In a blog entry over at THR, Martin Scorsese has spoken about a few things with respect to the film industry. As well as taking a shot at box office obsession, Scorsese has a few words about the influence of ‘Rotten Tomatoes’.
Box office is the undercurrent in almost all discussions of cinema, and frequently it’s more than just an undercurrent. The brutal judgmentalism that has made opening weekend grosses into a bloodthirsty spectator sport seems to have encouraged an even more brutal approach to film reviewing. I’m talking about market research firms like Cinemascore, which started in the late ‘70s, and online “aggregators” like Rotten Tomatoes, which have absolutely nothing to do with real film criticism. They rate a picture the way you’d rate a horse at the racetrack, a restaurant in a Zagat’s guide, or a household appliance in Consumer Reports. They have everything to do with the movie business and absolutely nothing to do with either the creation or the intelligent viewing of film. The filmmaker is reduced to a content manufacturer and the viewer to an unadventurous consumer.

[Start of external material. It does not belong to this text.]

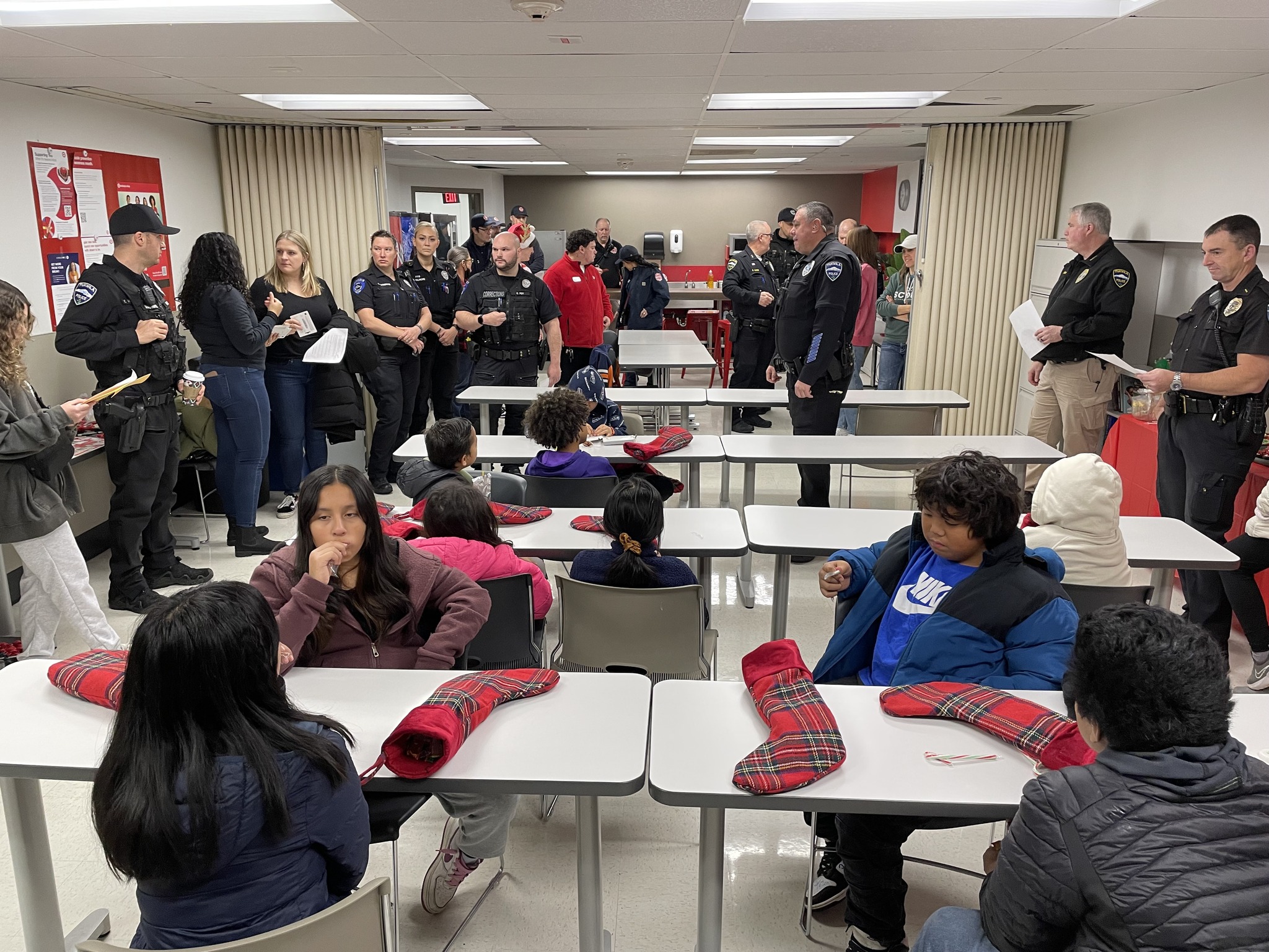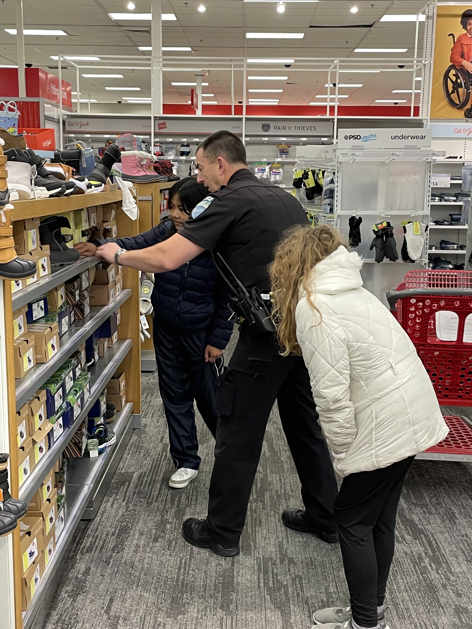 “After shopping, we gift wrap and have lunch, and then the student is dropped off at home by an officer who helps to bring the wrapped gifts inside. Every student had about $850 each to shop for their family at Target and JCPenney this year.

You have to wonder though, on what merit do reviewers who have 40 visitors a week (most of those probably Google indexing bots) gain the ability to submit their reviews to Rotten Tomatoes, thus potentially influence a movie in a major way? Especially if it’s a obscure movie that they’re the first and for a long time, only, person to rate?
Is it because of their convenient reviews history? Giving certain films positive reviews? Political hue?